Towards Greener Nights: Exploring AI-Driven Solutions for Light Pollution Management
Paras Varshney, Niral Desai, Uzair Ahmed
TL;DR
This work tackles light pollution by building predictive pipelines that estimate night-sky brightness (limiting magnitude) across space and time using a fusion of Globe at Night and GaN-MN datasets. The approach integrates spatio-temporal context via KNN-derived features, text representations with DeBERTa v3 embeddings, and TF-IDF with PCA, evaluated through multi-fold cross-validation and ensemble learning (XGBoost, LightGBM, RandomForest).
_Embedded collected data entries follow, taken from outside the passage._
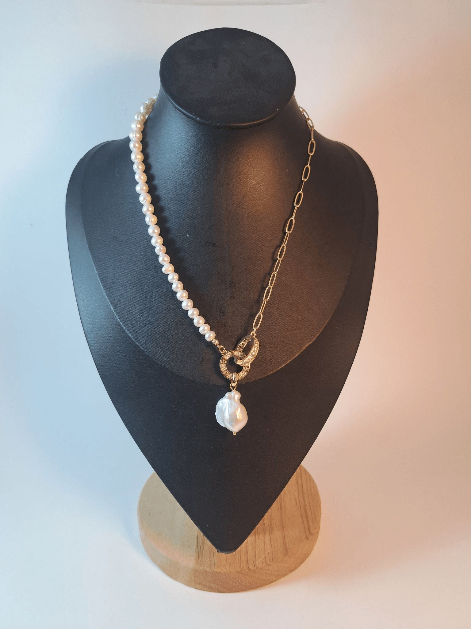 Collier en véritable perles de thailande pendentif en perle baroque, chaine et fermoir en acier inoxydable
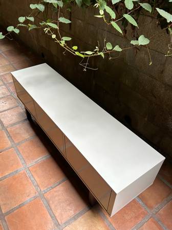 Super cute discontinued IKEA Stockholm TV stand / credenza / etc. It’s In overall very very great condition! Has 2 adjustable shelves that can easily be taken out or switched around, whatever. Nice & sleek. Overall a pretty cool guy.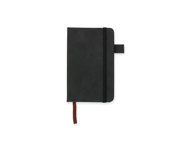 Caderneta em PU com marcador de página em cetim e fita elástica para fechar. Contém aproximadamente 80 folhas amareladas sem pauta.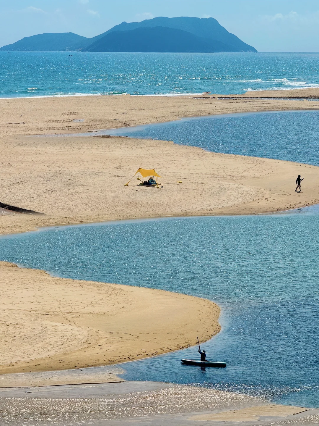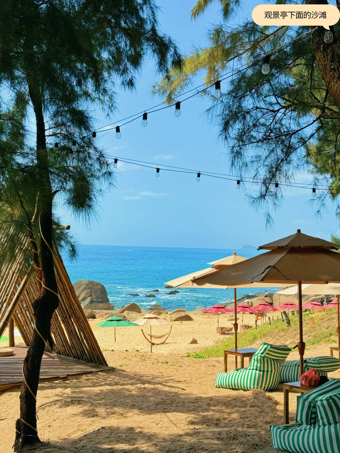 到达观景亭,亭子的西边50米,有条下海滩的路。顺这片沙滩继续往西走200米,就可以到艾美酒店后面的沙滩。这片沙滩人稍微多一点,但是是玻璃海色,里面有个营地拍照很美。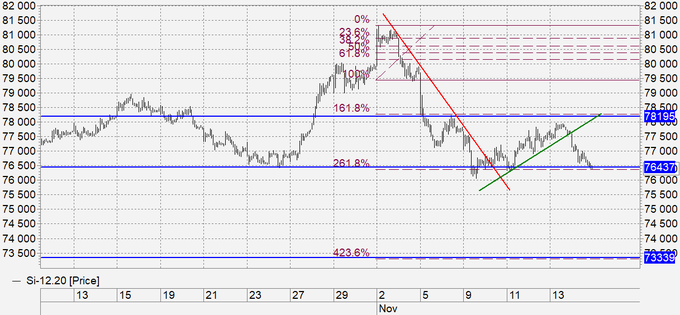 Продажа: нет. Кто в позиции от 78040, перенесите стоп на 77800. Цель: 73400.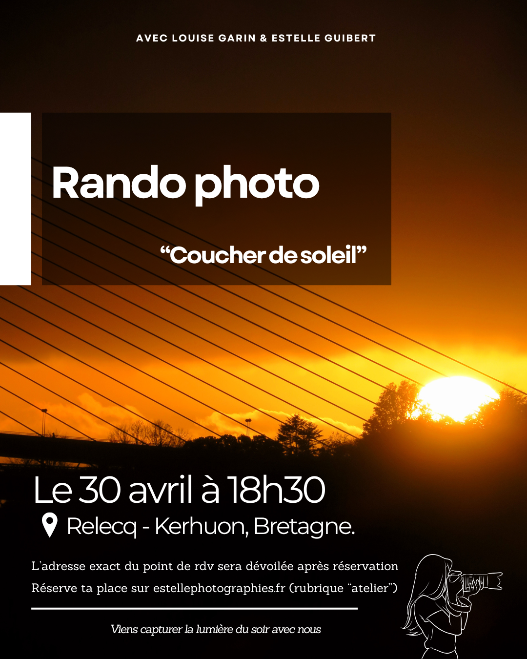 On t’emmène le 30 avril à 18h30 au Relecq-Kerhuon (Bretagne) pour une randonnée photo conviviale au moment où la lumière devient douce, chaude et inspirante ✨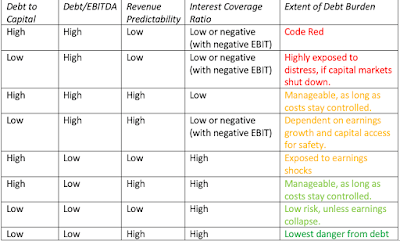Note that the predictably of revenues and earnings brings an additional dimension brought into the comparison. To the extent that some companies have more predictable earnings than others, because they sell more non-discretionary products and services, they are less exposed to risk than other companies, with similar debt burdens; a discount retailer with a debt to EBITDA multiple of four is safer than a luxury retailer with a debt to EBITDA multiple of four.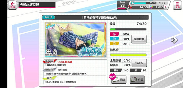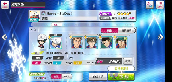 新网球王子游戏是一款根据动漫改编而来的音乐节奏类型游戏,其英文名也被称为RisingBea。在这款游戏之中你将会见到新网球王子之中的个各种不同精英网球队伍之中的队员,作为U-17的代表不断地培训,完成一系列的网球拍打。新网球王子游戏之中你可以见识到各种不同的球员在球场上挥洒的汗水,使用不同的技能来增加自己获取的分数,感受紧张刺激的网球对战之旅吧。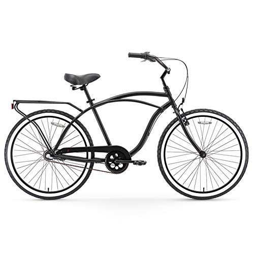 - Classic, curvy Men's beach cruiser bicycle with 15-inch durable steel frame; ideal for casual, comfortable riding around the neighborhood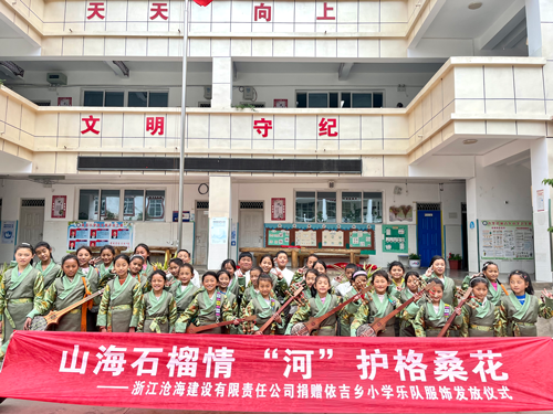 了解到這一情況后,滄海公司主動認(rèn)領(lǐng)了孩子們的“微心愿”,在鄞州區(qū)中河街道及來自木里的掛職干部楊秋的對接下,滄海建設(shè)精心選購了55套民族服飾送往當(dāng)?shù)?,?dāng)孩子們收到這份特殊的禮物時,小小的臉上綻放出了燦爛的笑容。舞臺上,孩子們身穿漂亮的藏裙,彈奏著動聽的“念扎”,用自信而嘹亮的歌聲唱響對藝術(shù)的熱愛和對愛心企業(yè)的感激。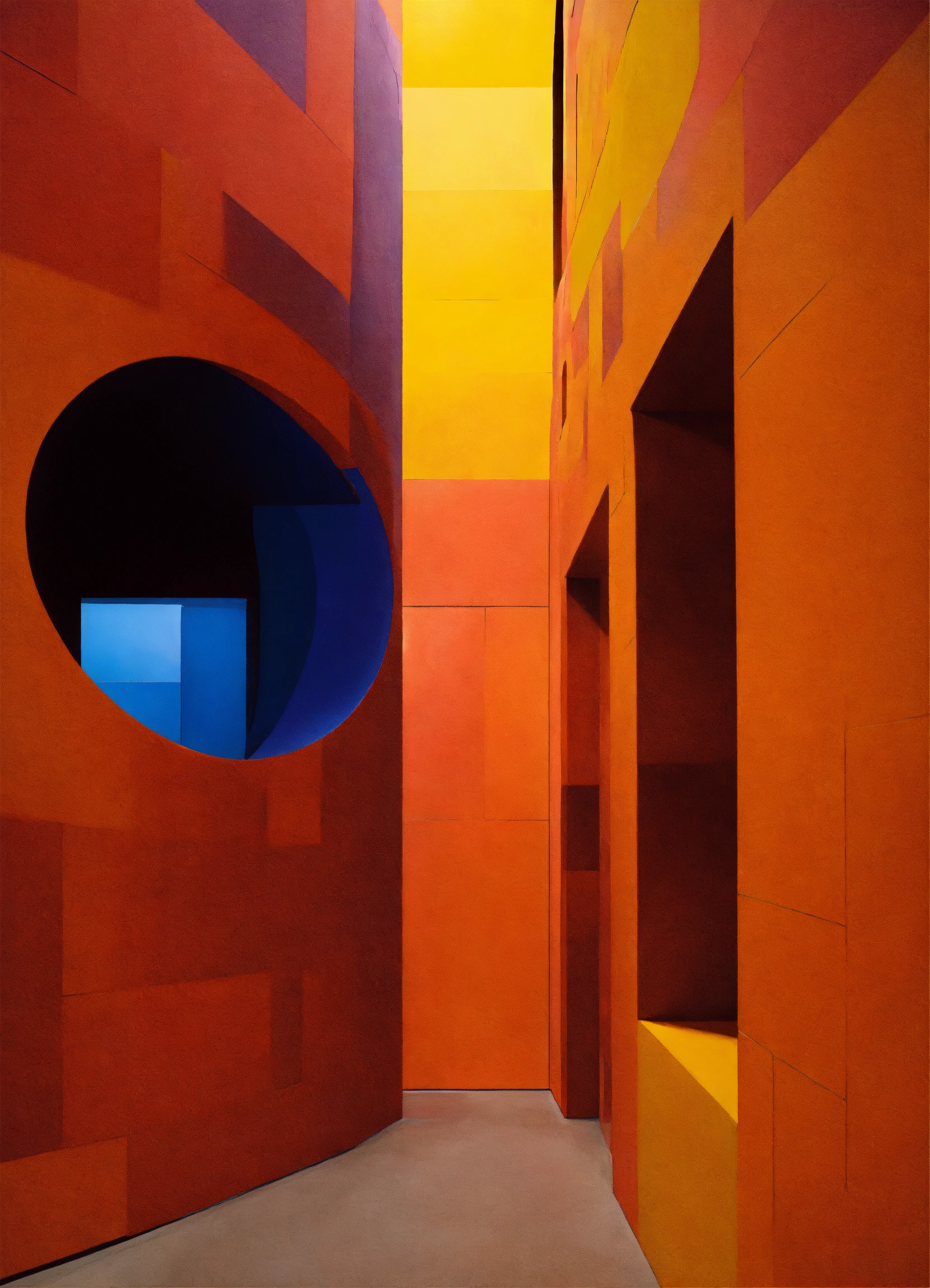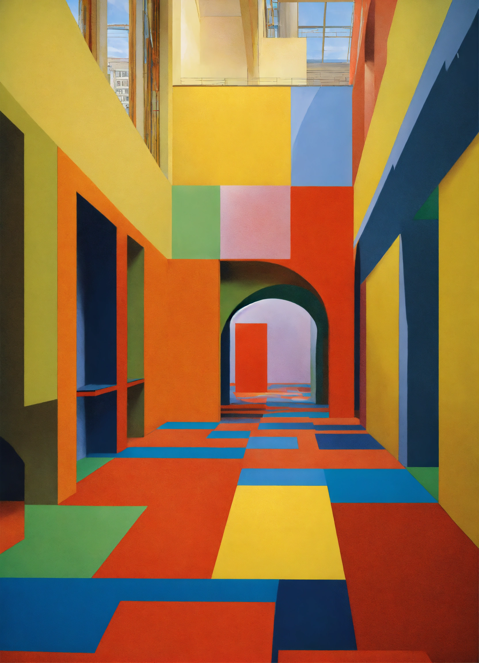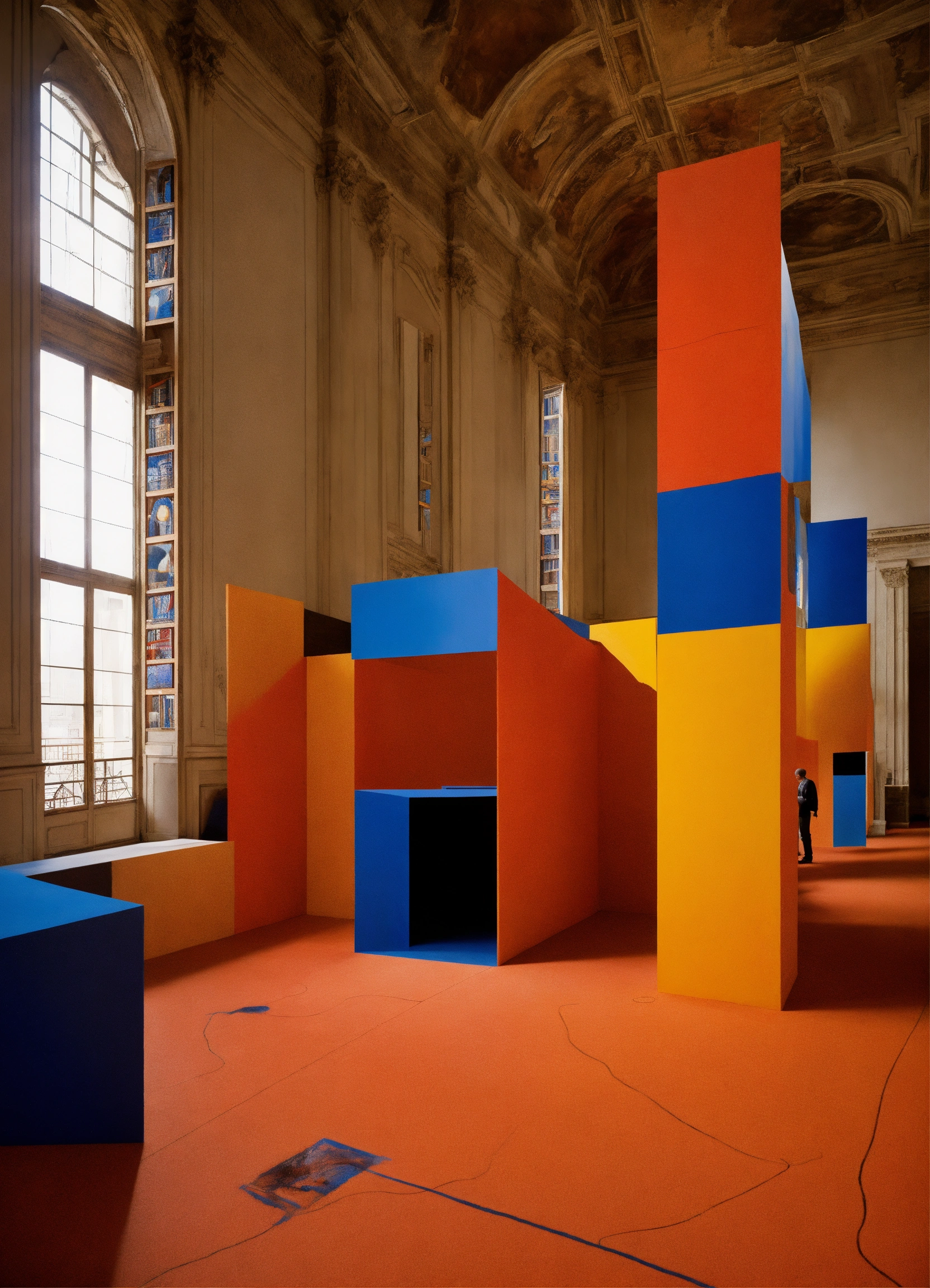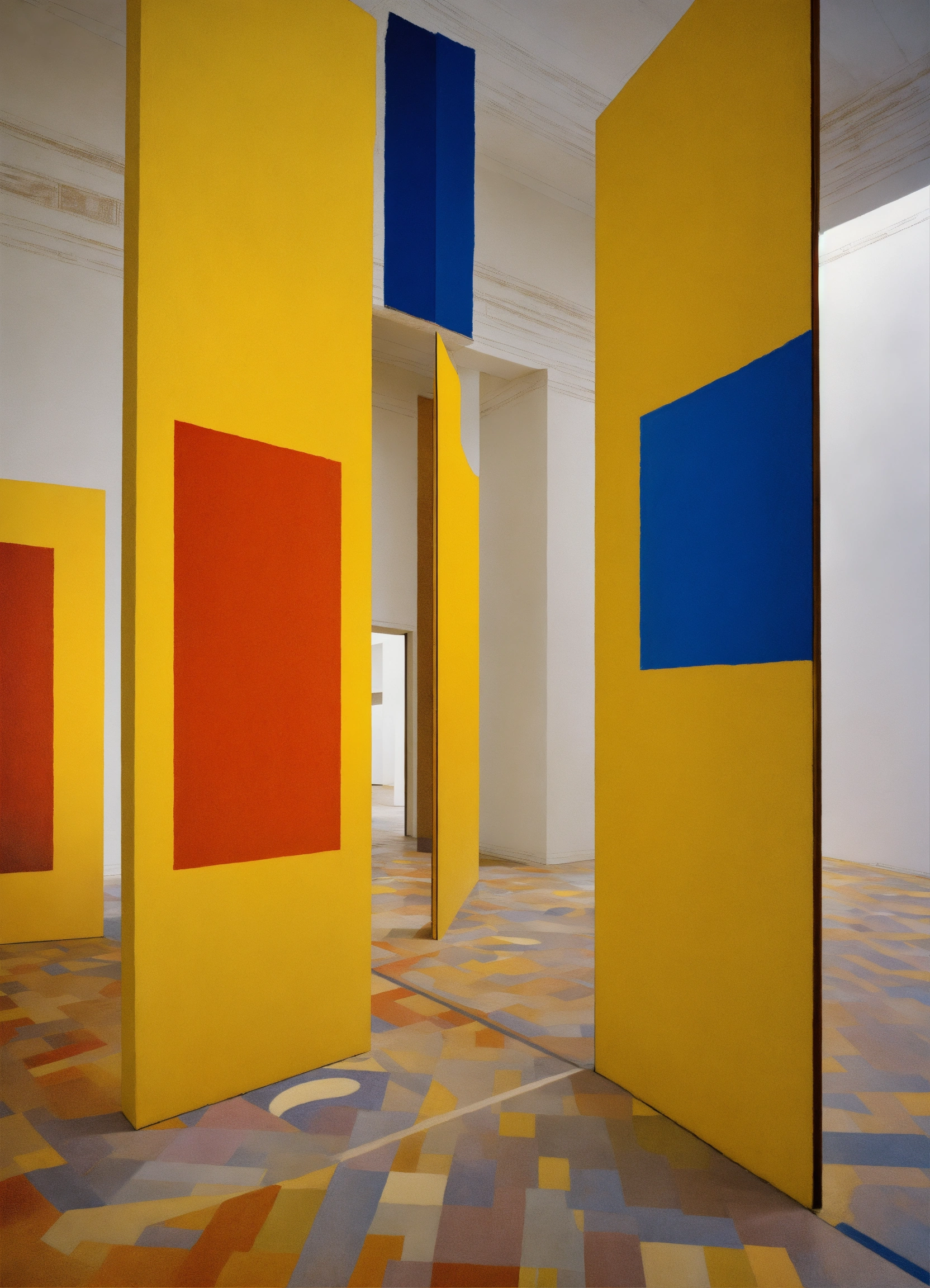 Painting with brush marks of a surreal futuristic anamorphosis by felice varini, georges rousse& peter zumthor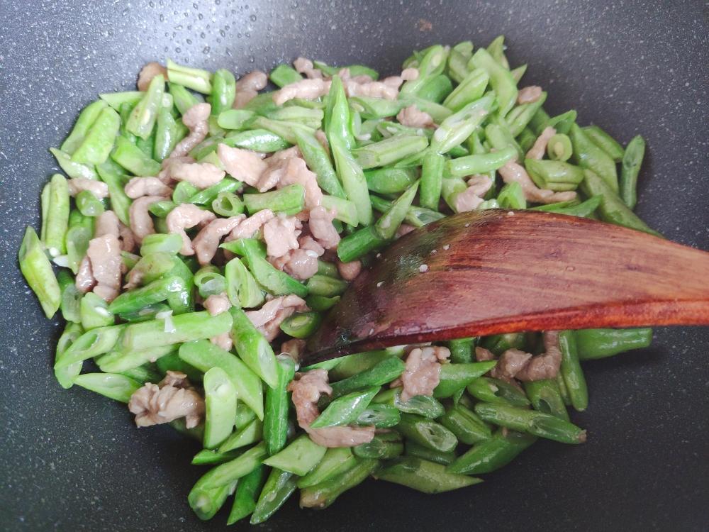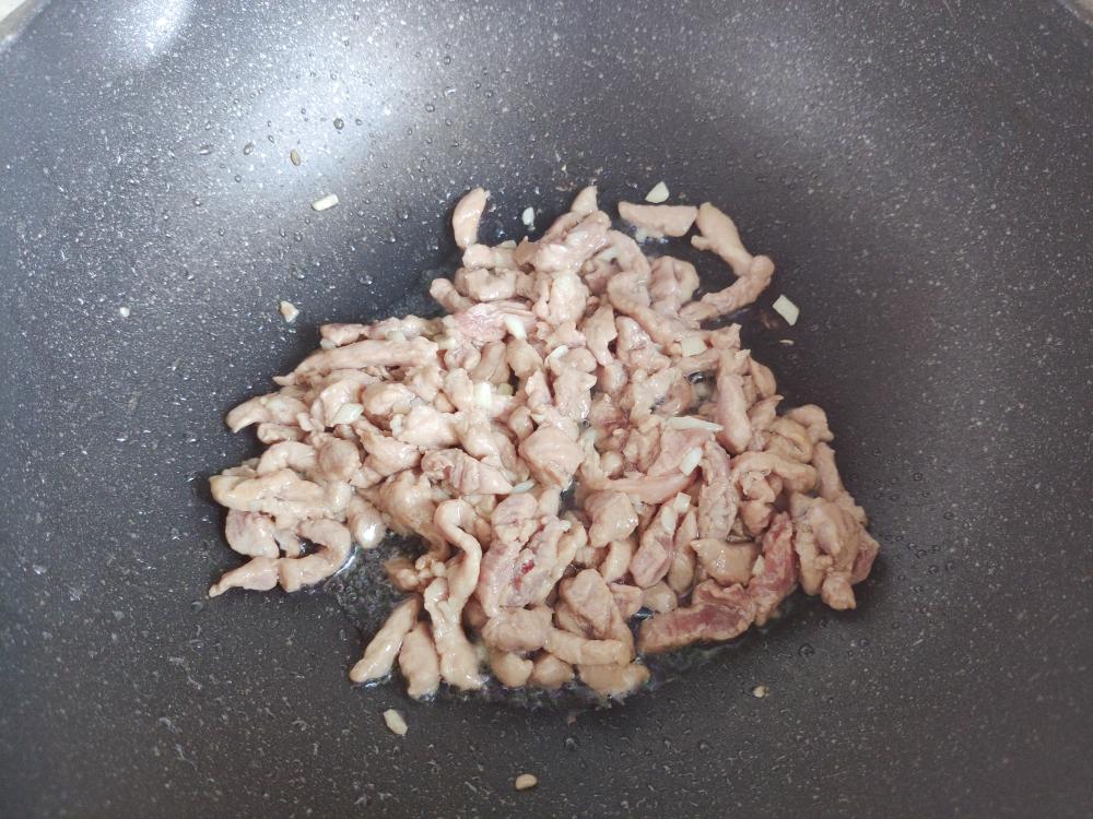 翻炒至猪肉丝变色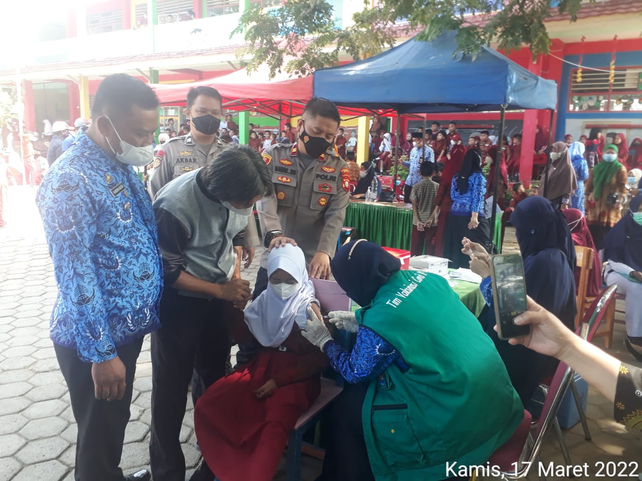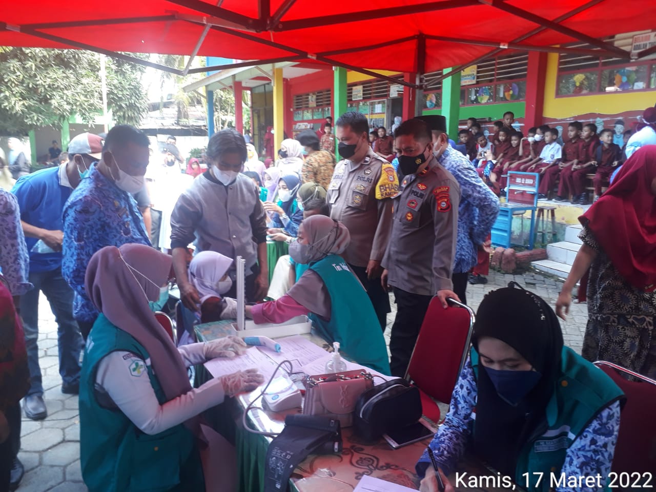 Jeneponto,Chaneltimur.Com – Kapolsek binamu Iptu Baharuddin,M S.Sos rutin melaksanakan pemantauan kegiatan vaksinasi covid-19 untuk siswa maupun siswi tingkat sekolah dasar (SD) atau madrasah ibtidaiyah (MI) dalam hal ini anak usia 6-11 tahun yang berada di wilayah kecamatan binamu,hal tersebut seperti yang dilakukan Kapolsek yang selalu didampingi para bhabhikamtibmas di jajaran kepolisian sektor binamu yang juga sedang memantau berlangsungnya kegiatan vaksinasi covid-19 yang dilaksanakan di SDN 08 binamu, Kab Jeneponto Kamis 17/3/2022.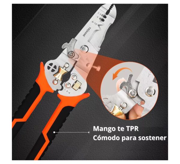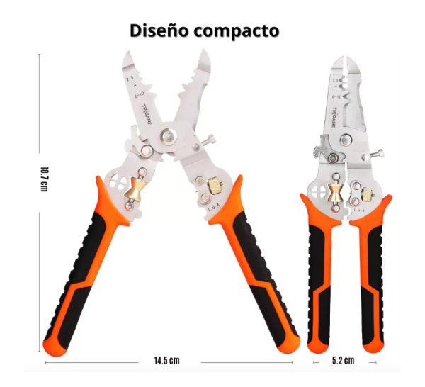 Este pelacables multifuncional es adecuado para diferentes tipos y tamaños de cables. Ya sea que estés realizando instalaciones eléctricas, reparaciones de automóviles o proyectos de bricolaje, el pelacables es tu herramienta definitiva para lograr resultados eficientes en todo momento.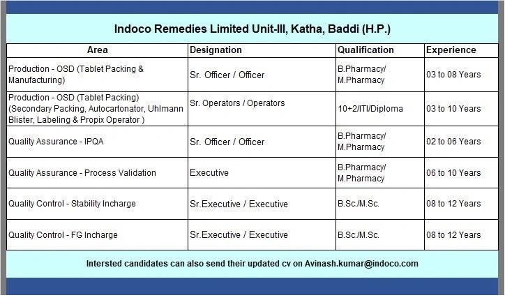 Indoco Remedies -Hiring Production, QA & QC Apply Indoco Remedies -Hiring Production, QA & QC Apply Interested candidates can send their updated CV to: [email protected] Post Views: 3 Job Category: Pharma Job Type: Full Time Job Location: Baddi Apply for this position Full Name *Email *Phone *Cover Letter *Upload CV/Resume *Allowed Type(s): .pdf, .doc, .docxBy using this form you agree with the storage and handling of your data by this website. *

The study reports a Mean F1-Score of up to $0.81883$ on the leaderboard, with LightGBM selected as the primary engine for its balance of speed and accuracy, supported by a rigorous comparison against CatBoost and DeBERTa-based variants. The resulting framework offers actionable insights for targeting lighting interventions, reducing sky glow, and informing policy and urban planning to mitigate ecological, energy, and human health impacts, while providing a data-rich basis for ongoing monitoring of nocturnal luminosity. $F1 = 2 \cdot \frac{\text{Precision} \cdot \text{Recall}}{\text{Precision} + \text{Recall}}$ is employed as the core evaluation metric to ensure balanced performance.
Abstract
This research endeavors to address the pervasive issue of light pollution through an interdisciplinary approach, leveraging data science and machine learning techniques. By analyzing extensive datasets and research findings, we aim to develop predictive models capable of estimating the degree of sky glow observed in various locations and times. Our research seeks to inform evidence-based interventions and promote responsible outdoor lighting practices to mitigate the adverse impacts of light pollution on ecosystems, energy consumption, and human well-being.